-- Stored data --
########

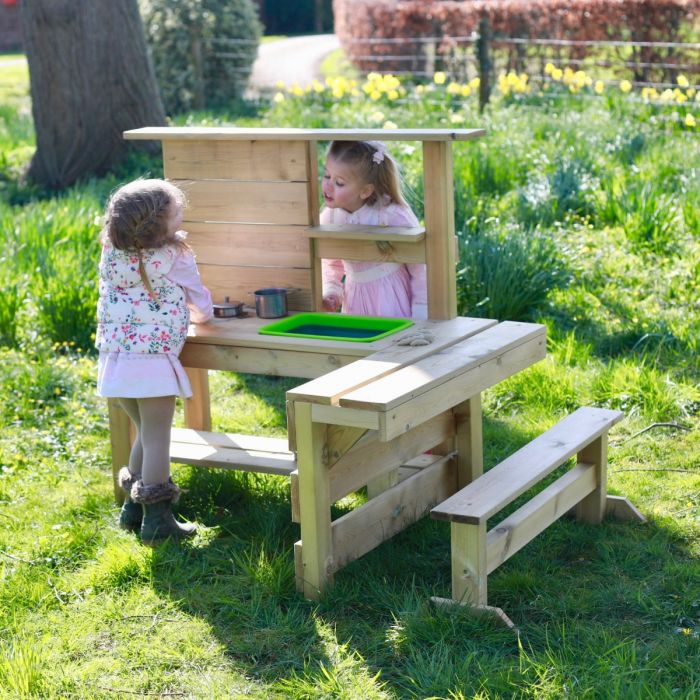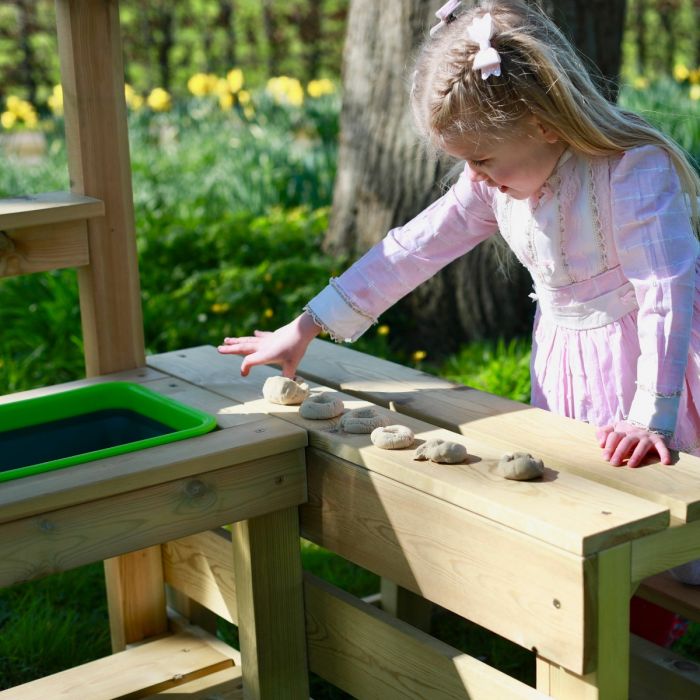 Of het nu een modderkeuken met bankje is en een gootsteen heeft, of dat de toekomstige bakkers zich creatief uitleven met een zandbak: ontdek bij OutdoorToys de mogelijkheden die een modderkeuken biedt!
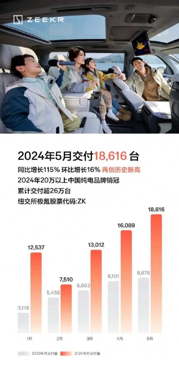【极氪汽车5月销量快报】6月1日,极氪汽车公布了最新交付成绩快报。快报显示,2024年5月极氪汽车交付量达到18616辆,再创历史交付新高,同比大涨115%,环比4月份增长16%。
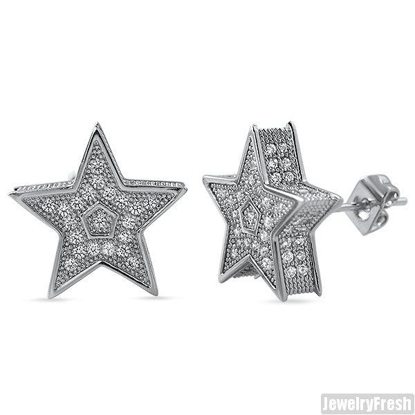 White Gold Finish Jumbo 3D Star Micropave CZ Earrings
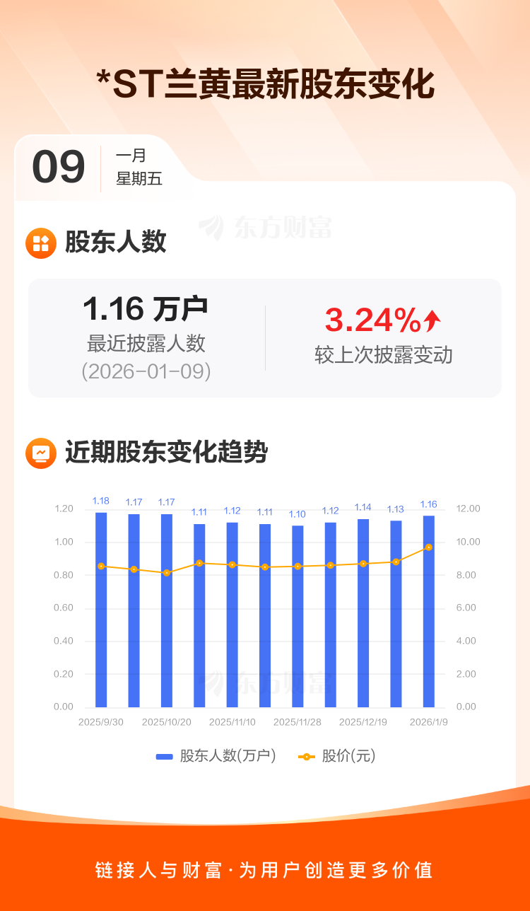 *ST兰黄:截至1月9日最新股东户数1.16万户,较上期增加3.24%
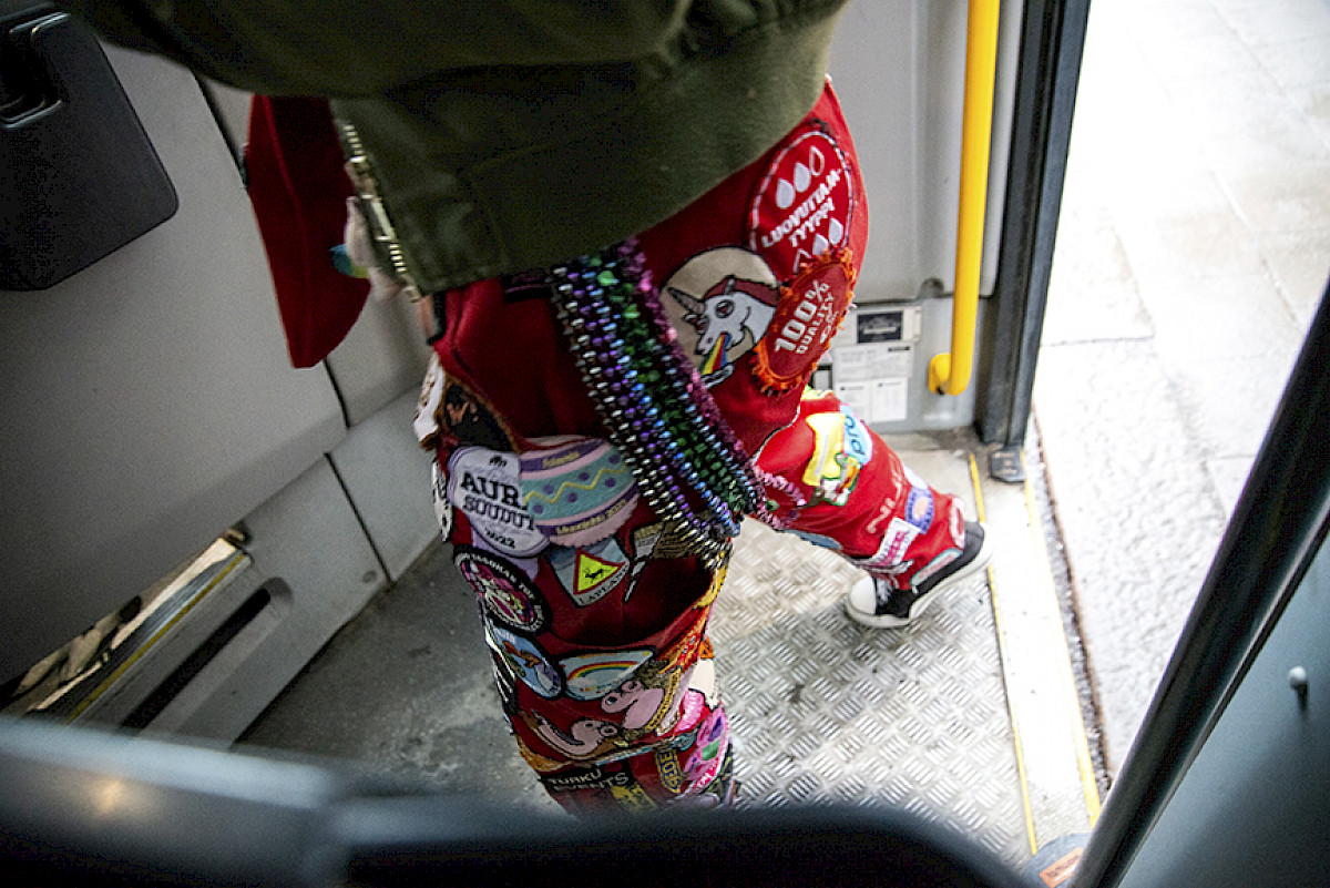 Kello 12.20 bussi starttaa takaisin Turkua kohti Kauppakeskus Myllystä. Samana päivänä kaupungissa vietetään valtavaa opiskelijatapahtumaa, Pikkulaskiaista. Haalaripukuista kansaa alkaa keskustan lähestyessä nousta kyytiin yhä enemmän.
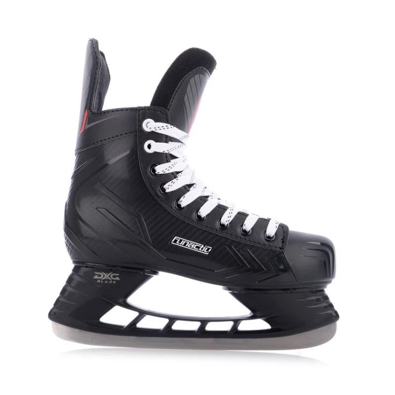 Łyżwy FunActiv DXG FunActiv DXG to łyżwy stworzone z myślą o graczach rekreacyjnych i miłośnikach hokeja, którzy poszukują trwałego, lekkiego i wygodnego modelu do regularnego użytku na lodzie. To idealne połączenie ochrony, komfortu i kontroli. Główne cechy: Wytrzymała skorupa kompozytowa: Solidna konstrukcja z odpornego na uderzenia kompozytu skutecznie amortyzuje kontakt z krążkiem lub kijem, jednocześnie zachowując niską wagę dla lepszej zwrotności. Anatomicznie ukształtowany język: Dwuczęściowy język ze średnio sztywnym wzmocnieniem wewnętrznym dopasowuje się do podbicia i kostki, zapewniając wygodę oraz stabilność podczas jazdy i gry. Uniwersalne zastosowanie: Model odpowiedni zarówno do jazdy rekreacyjnej, jak i amatorskich treningów czy meczów na niższym poziomie. FunActiv DXG to wszechstronne łyżwy dla osób, które chcą cieszyć się pewną i komfortową jazdą, korzystając ze sprawdzonego sprzętu sportowego. Specyfikacja techniczna – Łyżwy
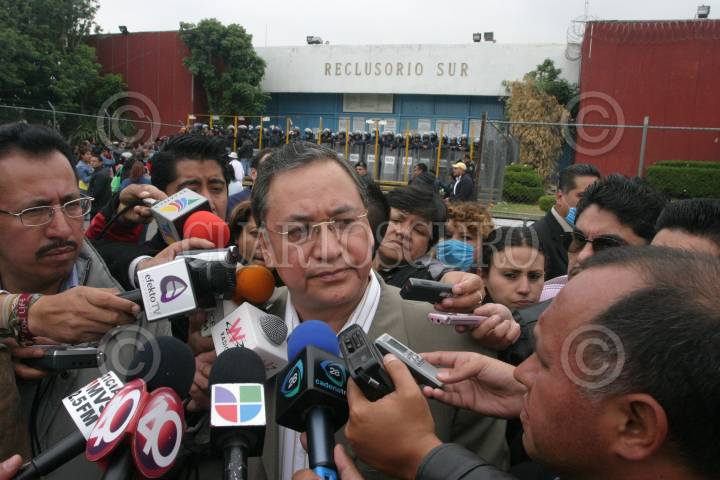 MÉXICO, D.F., 19MAYO2009.- Miguel Rivera Villa, Director Ejecutivo Jurídico y Derechos Humanos del sistema nacional penitenciario, es entrevistado por reporteros a las afueras del reclusorio sur después que se registrara un amotinamiento entre los internos de los dormitorios 7 y 8, de dicho penal. FOTO: SAÚL LÓPEZ/CUARTOSCURO.COM
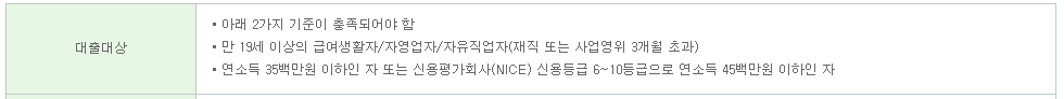 무보증 신용대출 상품으로 소득이 적거나 신용등급이 낮아도 정부에서 정한 요건을 충족하면 신청할 수 있다는 것이 특징입니다.
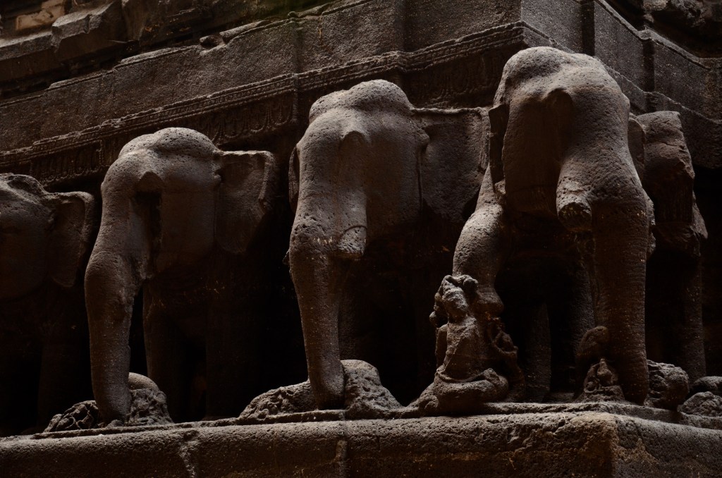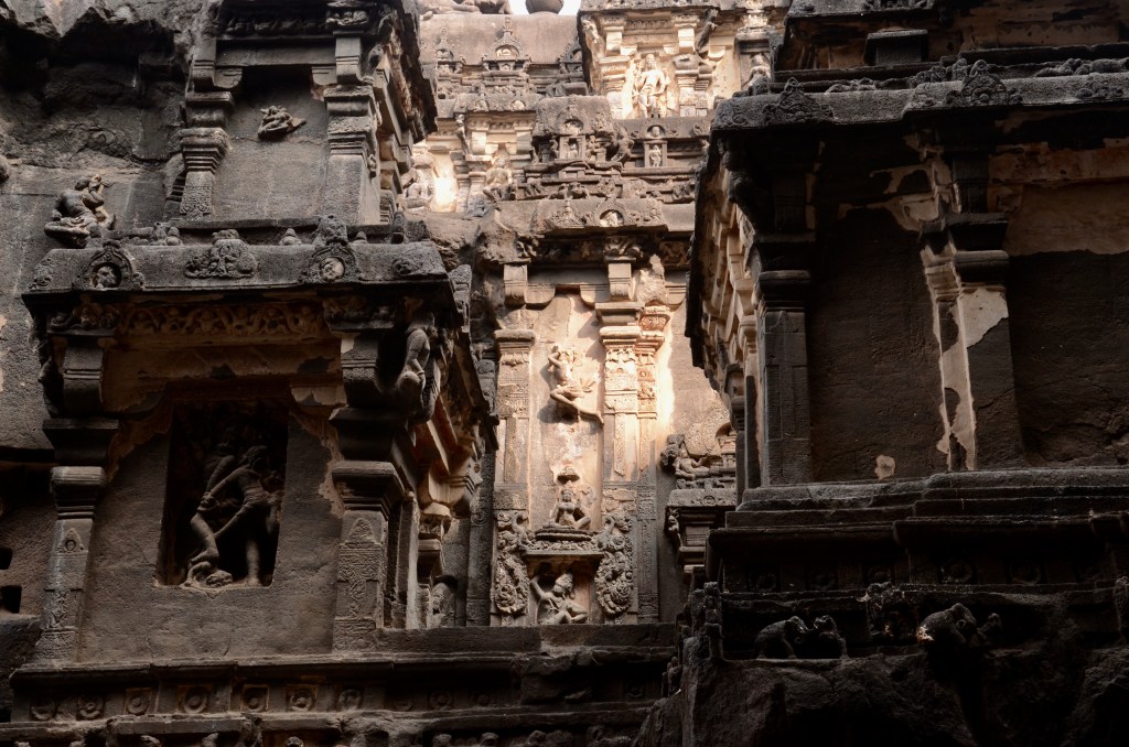 Most impressive is a massive complex: Kailasha is a Hindu temple dedicated to Shiva. It’s said to have taken ten generations to complete and includes a large pillared hall, antechambers, and gigantic sculptures of Hindu deities. Wall panels depict Hindu mythologies: in particular, the two major epics, Ramayana and Mahabharata. Though the stone sculptures and decorations have worn away over the centuries, they are still impressive.

########

Leaving out every picture, transcribe exactly the lines from the line that contains "MÉXICO, D.F., 19MAYO2009.- Miguel" through the final line of the entries above.

-- ANSWER SECTION --
 MÉXICO, D.F., 19MAYO2009.- Miguel Rivera Villa, Director Ejecutivo Jurídico y Derechos Humanos del sistema nacional penitenciario, es entrevistado por reporteros a las afueras del reclusorio sur después que se registrara un amotinamiento entre los internos de los dormitorios 7 y 8, de dicho penal. FOTO: SAÚL LÓPEZ/CUARTOSCURO.COM
 무보증 신용대출 상품으로 소득이 적거나 신용등급이 낮아도 정부에서 정한 요건을 충족하면 신청할 수 있다는 것이 특징입니다.
 Most impressive is a massive complex: Kailasha is a Hindu temple dedicated to Shiva. It’s said to have taken ten generations to complete and includes a large pillared hall, antechambers, and gigantic sculptures of Hindu deities. Wall panels depict Hindu mythologies: in particular, the two major epics, Ramayana and Mahabharata. Though the stone sculptures and decorations have worn away over the centuries, they are still impressive.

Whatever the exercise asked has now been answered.